Keadaan politik pada masa

pertengahan Orde Baru


Pembahasan
• Bagaimana hubungan antar lembaga pada masa pertengahan Orde
Baru ?
• Bagaimana pemilu pada masa Orde Baru ?
• Bagaimana civil society pada masa pertengahan Orde Baru ?
• Bagaimana Kondisi Ekonomi Politik Dalam Negeri dan Penataan
Luar Negeri pada pertengahan Orde Baru ?
• Apa saja kekuatan-kekuatan politik dan penopang pada masa
pertengahan Orde Baru ?
Orde Baru
• Orde baru merupakan sebuah istilah yang digunakan untuk
memisahkan antara kekuasaan masa Soekarno dengan masa
Suharto. Sebagai masa yang menandai sebuah masa baru setelah
pemberontakan Gerakan 30 September tahun 1965.
• Orde baru lahir sebagai upaya untuk: mengoreksi total
penyimpangan yang dilakukan pada masa Orde Lama, penataan
kembali seluruh aspek kehidupan rakyat, bangsa, dan negara
Indonesia, melaksanakan Pancasila dan UUD1945 secara murni dan
konsekuen dan menyusun kembali kekuatan bangsa untuk
menumbuhkan stabilitas nasional guna mempercepat proses
pembangunan bangsa.
• Tujuan perjuangan Orde Baru adalah menegakkan tata kehidupan
bernegara yang didasarkan atas kemurnian pelaksanaan Pancasila
dan Undang-undang Dasar 1945. Sejalan dengan tujuan tersebut
maka ketika kondisi politik bangsa Indonesia mulai stabil untuk
melaksanankan amanat masyarakat maka pemerintah
mencanangkan pembangunan nasional yang diupayakan melalui
program pembangunan jangka pendek dan jangka panjang. Pada
masa ini pengertian pembangunan nasional adalah suatu rangkaian
upaya pembangunan yang berkesinambungan yang meliputi
seluruh kehidupan masyarakat, bangsa, dan negara.
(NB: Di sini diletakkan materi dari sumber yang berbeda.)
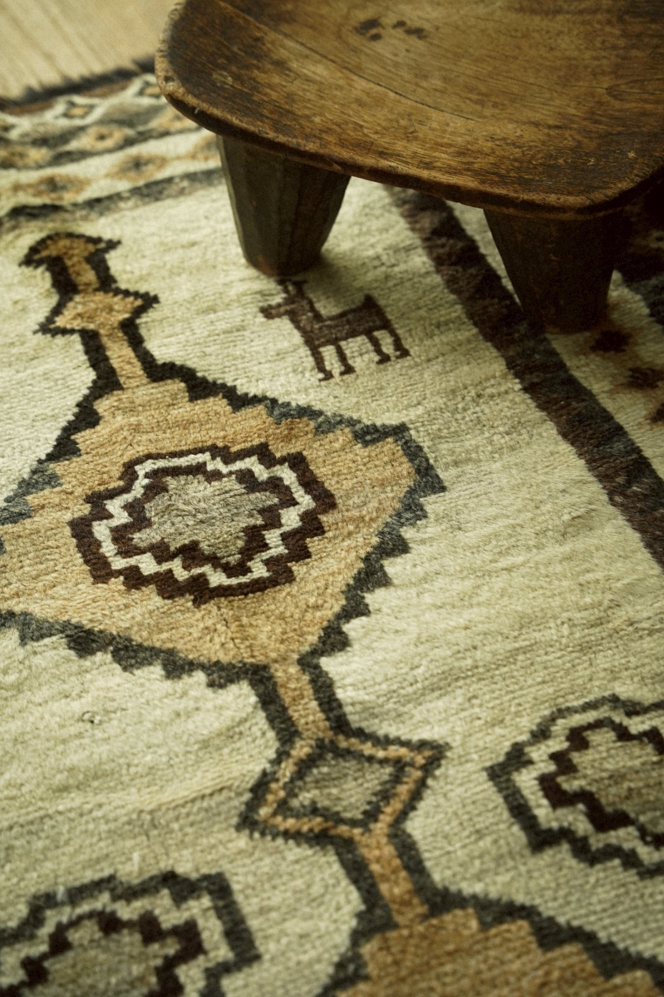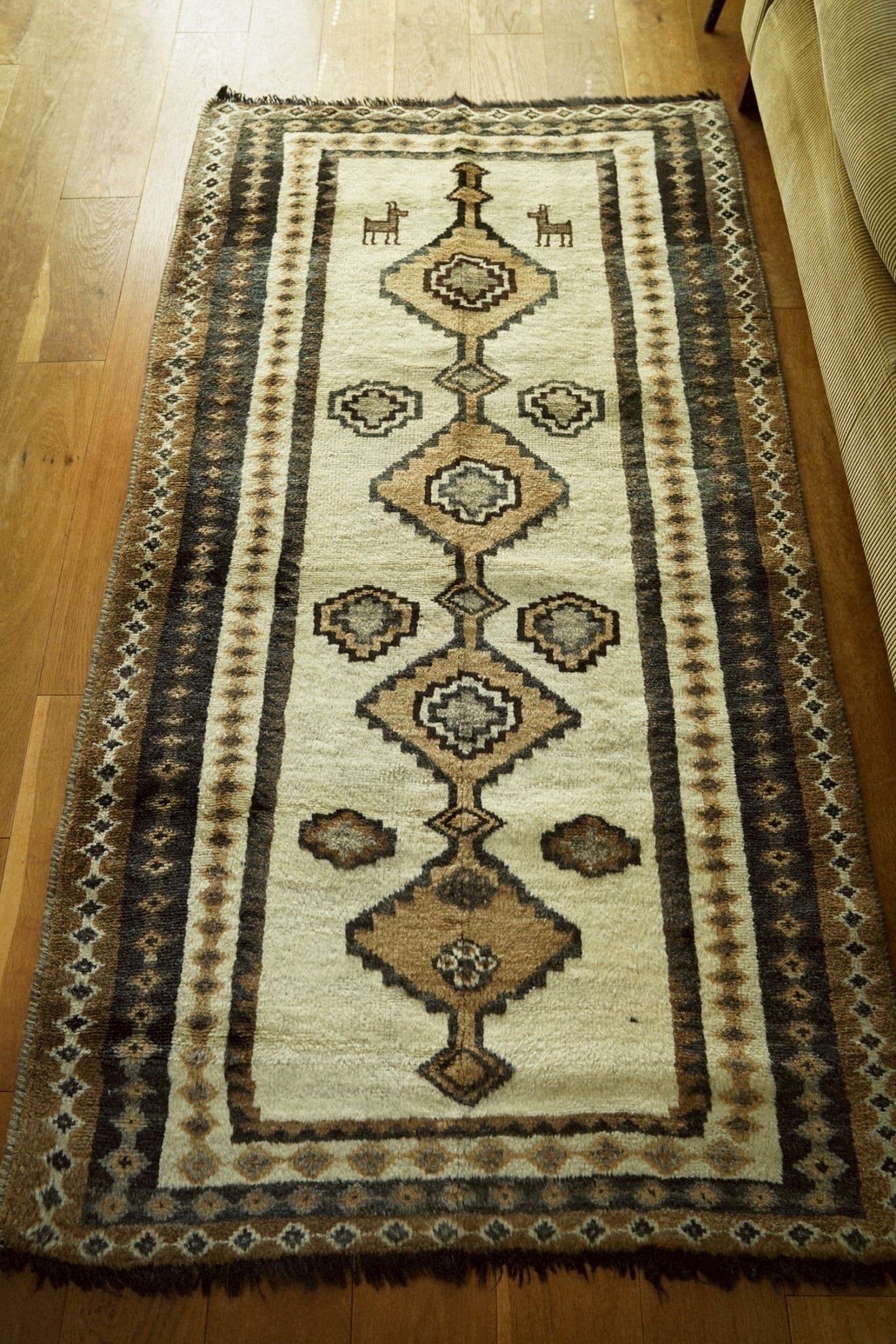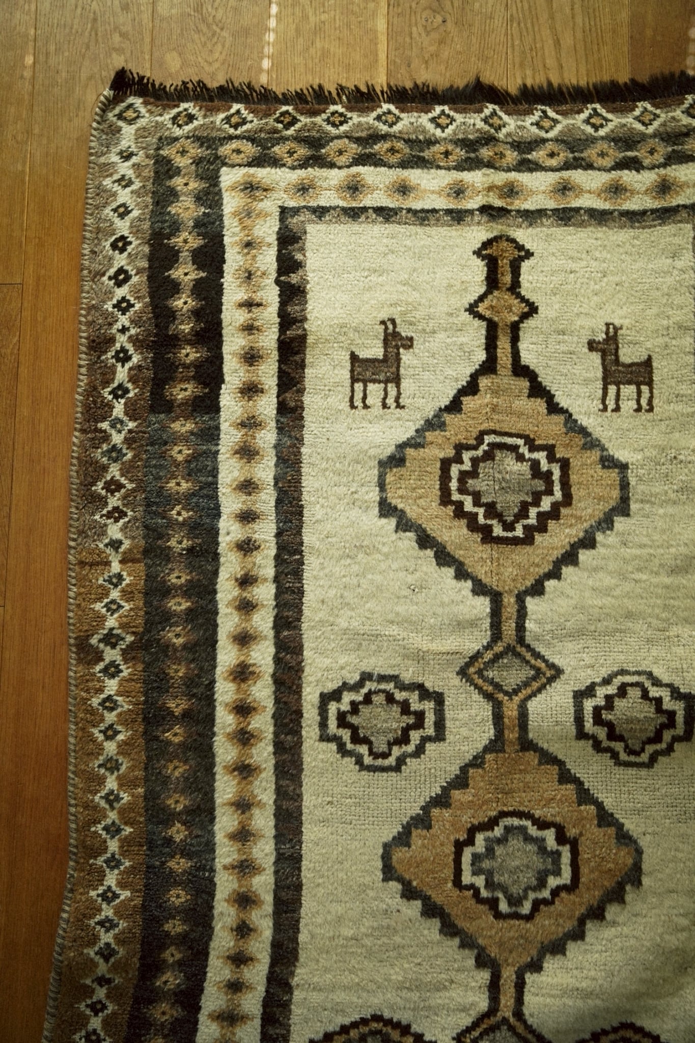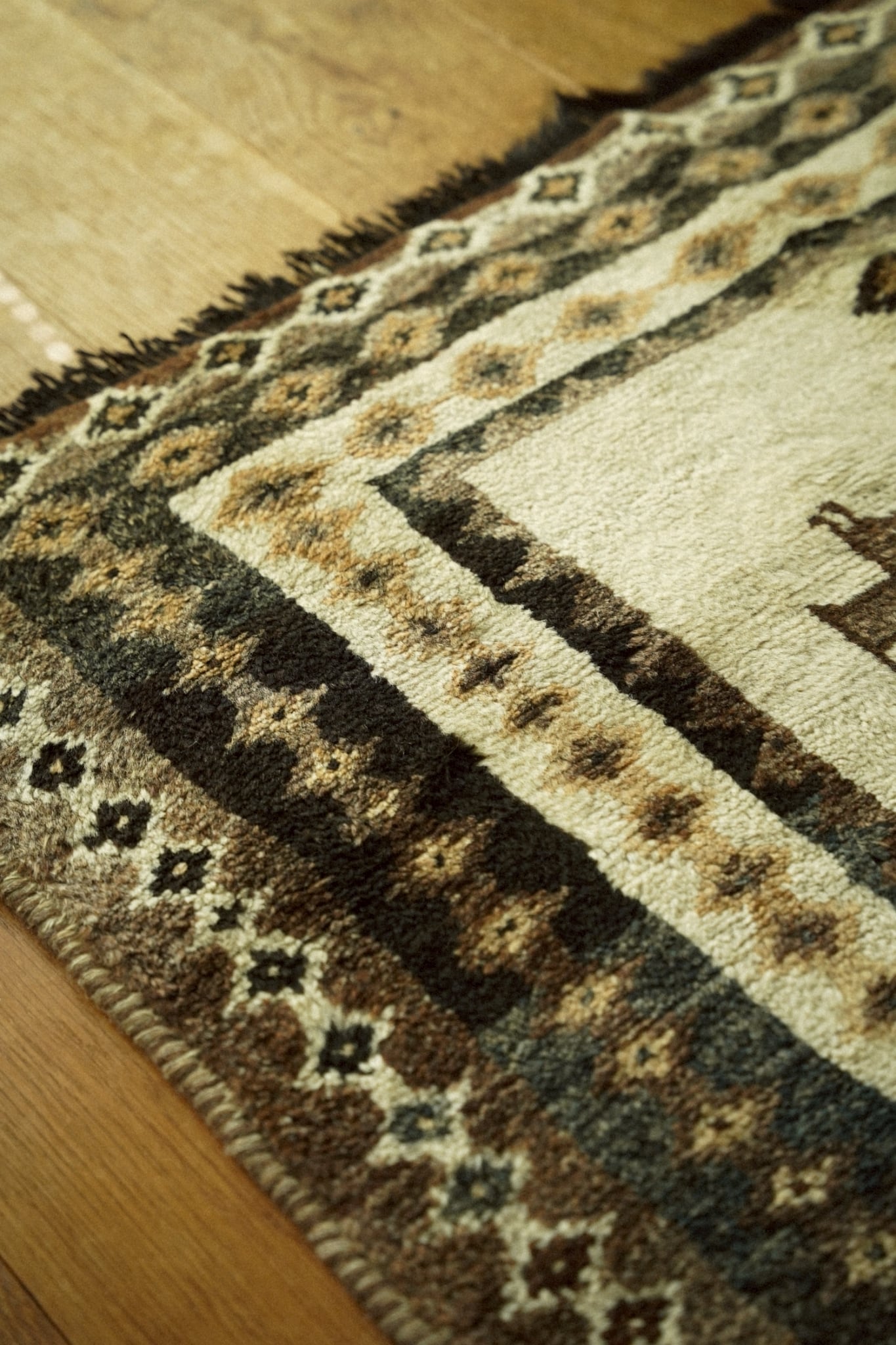 フィールドには4連の菱形メダリオン、ボーダー部分にも小さな連続モチーフが織り込まれたデザイン。上部には可愛らしい動物モチーフも描かれています。上下のフリンジには山羊毛を使用しており独特のしなやかさと光沢感を楽しむことができます。素朴でどこかのんびりとした雰囲気は手織り絨毯の魅力が詰まっています。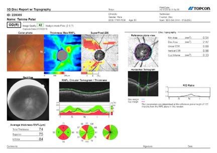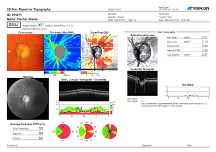 Diese Daten sind von Untersuchung zu Untersuchung reproduzierbar messbar, so dass zeitliche Verläufe Hinweise über ein Fortschreiten oder Stagnieren und damit über die Effektivität der Therapieeinstellung liefern können. Es entspricht dem heutigen Goldstandard der Glaukomfrüherkennung sowie -verlaufsdokumentation.

Hubungan antar lembaga politik
• Merupakan hubungan yang akan menciptakan suatu proses
pemerintahan yang baik. Hubungan akan baik jika antar lembaga
Negara mengerti tugas dan peran masing-masing dalam
pemerintahan.hubungan antar lembaga Negara Indonesia adalah
keseimbangan dalam lembaga eksekutif , legeslatif, yudikatif.
• Masa orde baru hubungan dan kedudukan antara eksekutif dan
legeslatif dalam sistem UUD 1945, sebetulnya telah diatur,kedua
lembaga tersebut sama akan kedudukannya. Pemerintahan pada
masa orde baru, kekuasaan eksekutif lebih dominan terhadap
semua aspek kehidupan pemerintahan dalam negara kita. Dominasi
kekuasaan eksekutif mendapat legimilitasi konstitusional, karena
dalam penjelasan umum UUD 1945 bahwa presiden adalah
pemegang kekuasaan pemerintahan tertinggi dibawah majelis.
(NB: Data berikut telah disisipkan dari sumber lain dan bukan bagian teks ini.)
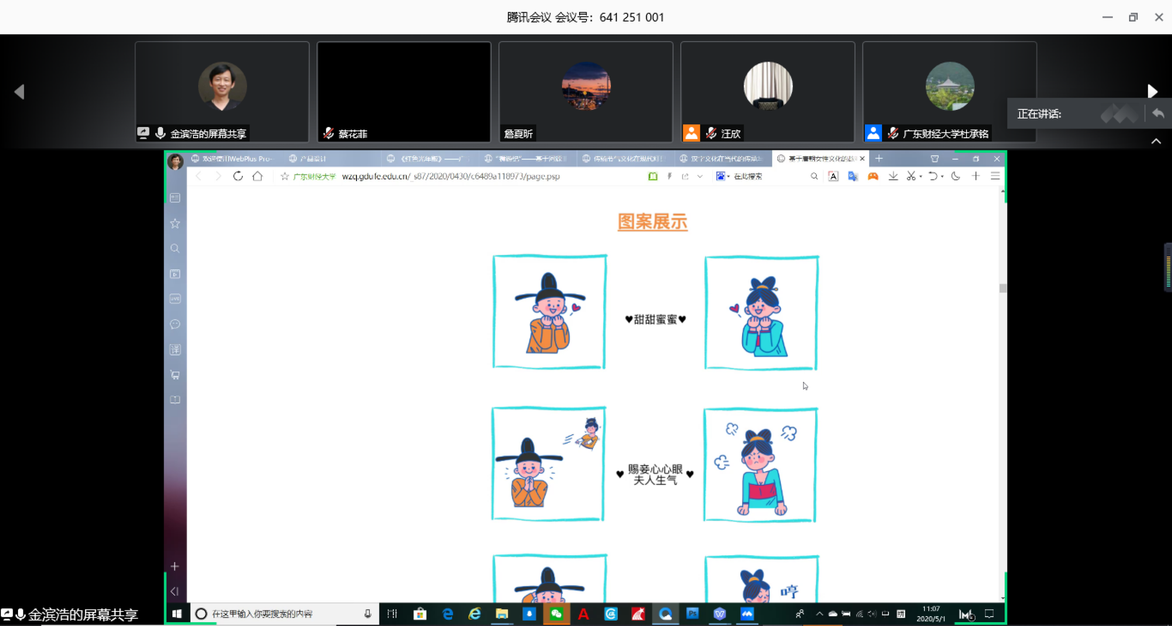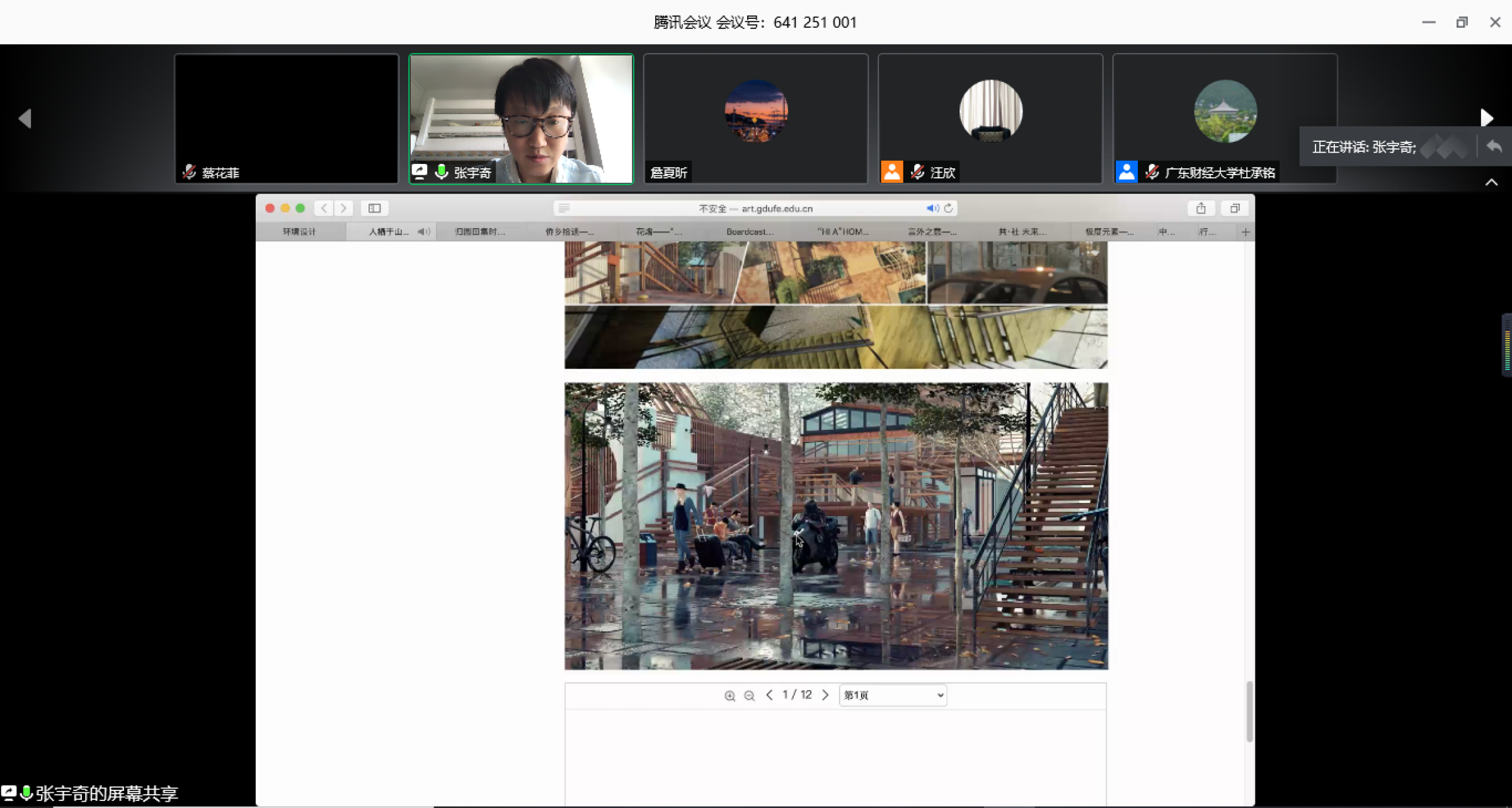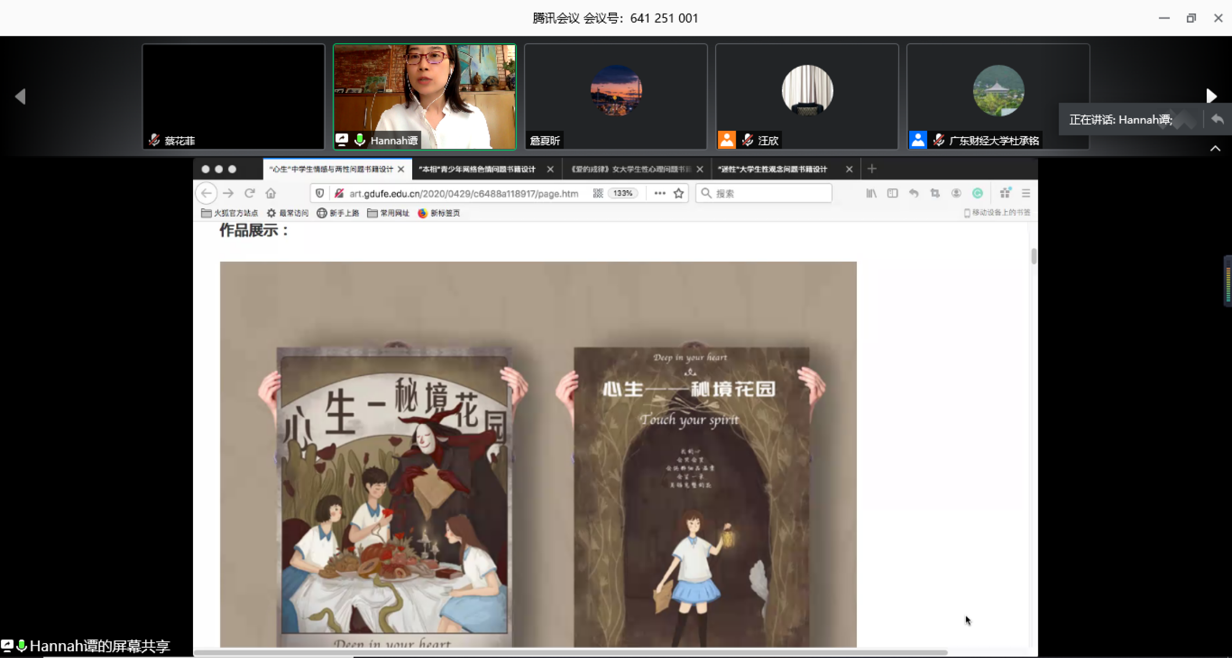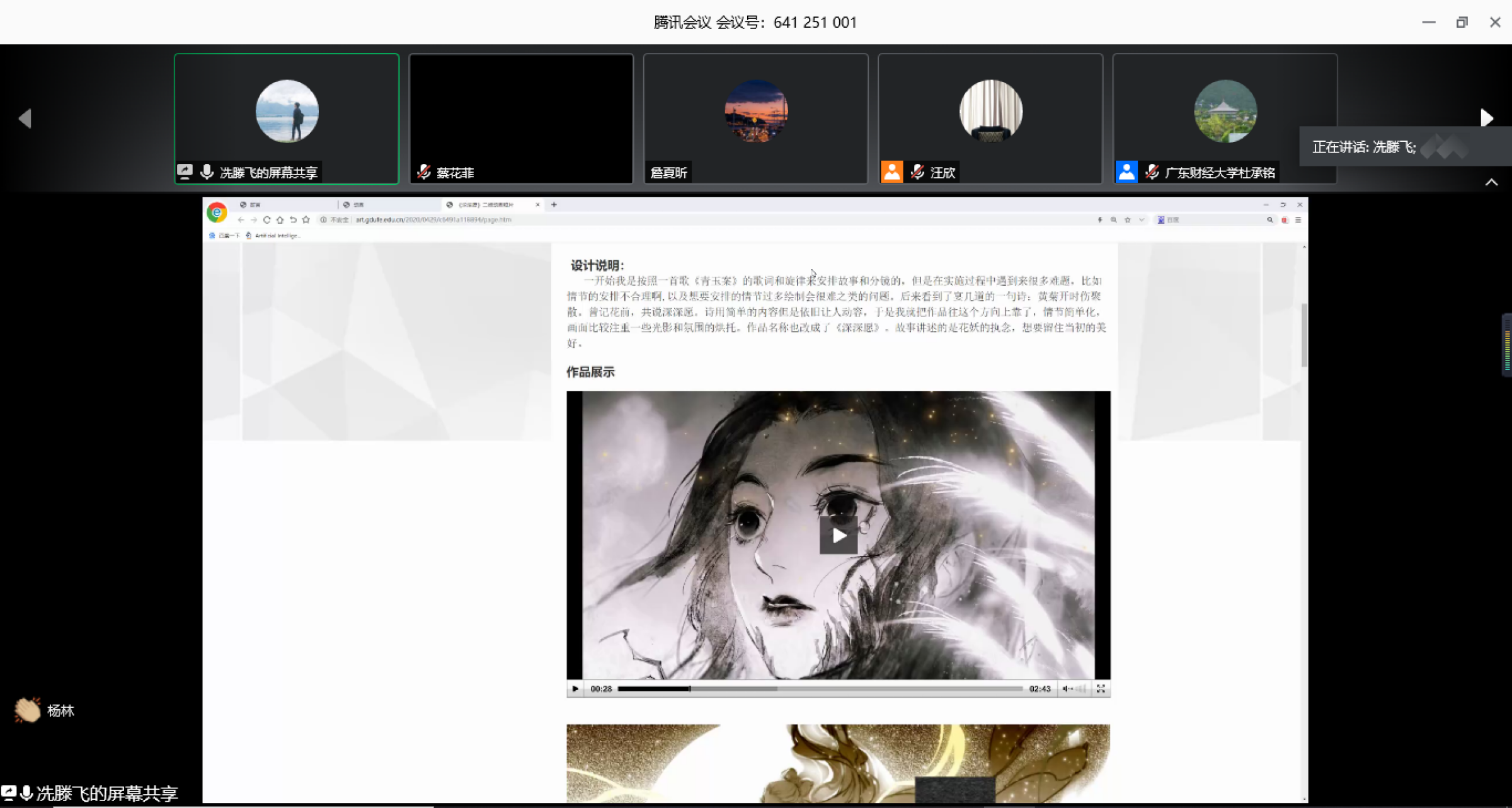 四个专业的指导老师代表分别介绍了毕业作品的情况。环境设计专业张宇奇老师介绍了环境设计毕业作品总体情况及现实意义,体现了前沿性、文化性和实践性,具备一定的学术高度和研究价值;视觉传达设计专业谭旭红老师介绍了视觉传达系作品中的优秀之处,更多地关注到了现实问题,具备良好的实践价值,有利于引导青少年树立正确的情感与性意识;动画专业冼腾飞老师展示部分动画作品的独特特点,展现了在充满商业探索前沿与生活色彩的风格、不断传递价值与审美观;产品设计专业金滨浩老师提到了产品专业的同学今年更加侧重于文化文创产品的设计,通过对不同地域文化、语言文化、历史文化的不断探索与开发创作了大量有趣也有意义的作品。

Presiden juga memiliki kekuasaan diplomatik. Kekuasaan pada
masa orde baru pada presiden begitu besar sehingga presiden
Soeharto bisa menjabat presiden seumur hidup. DPR sebagai
lembaga pengawasan tidak berjalan secara efektif.
Pemilihan Umum Era Orde Baru
• Selama masa Orde Baru telah berhasil melaksanakan pemilihan
umum sebanyak enam kali yang diselenggarakan setiap lima tahun
sekali, yaitu: tahun 1971, 1977, 1982, 1987, 1992, dan 1997.
Pemilu 1971
• Pejabat negara harus bersikap netral berbeda dengan pemilu 1955
dimana para pejabat negara termasuk perdana menteri yang berasal
dari partai peserta pemilu dapat ikut menjadi calon partai secara
formal.
• Organisasai politik yang dapat ikut pemilu adalah parpol yang pada
saat pemilu sudah ada dan diakui mempunyai wakil di DPR/DPRD.
• Pemilu 1971 diikuti oleh 58.558.776pemilih untuk memilih 460
orang anggota DPR dimana 360 orang anggota dipilih dan 100
orang diangkat.
• Diikuti oleh 10 organisasi peserta pemilu yaitu Partai Golongan
Karya (236 kursi), Partai Nahdlatul Ulama (58 kursi), Partai
Muslimin Indonesia (24 kusi), Partai Nasional Indonesia (20 kursi),
Partai Kristen Indonesia (7 kursi), Partai Katolik (3 kursi), Partai
Islam Perti (2 kursi), Partai Murba dan Partai IPKI (tak satu
kursipun).
• Setelah pemilu 1971 maka dilakukan penyederhanakan jumlah
partai tetapi bukan berarti menghapuskan partai tertentu sehingga
dilakukan penggabungan (fusi) sejumlah partai. Sehingga
pelaksanaannya kepartaian tidak lagi didasarkan pada ideologi
tetapi atas persamaan program. Penggabungan tersebut
menghasilkan tiga kekuatan sosial-politik, yaitu :
• Partai Persatuan Pembangunan (PPP) merupakan fusi dari NU,
Parmusi, PSII, dan Partai Islam Perti yang dilakukan pada tanggal 5
Januari 1973 (kelompok partai politik Islam)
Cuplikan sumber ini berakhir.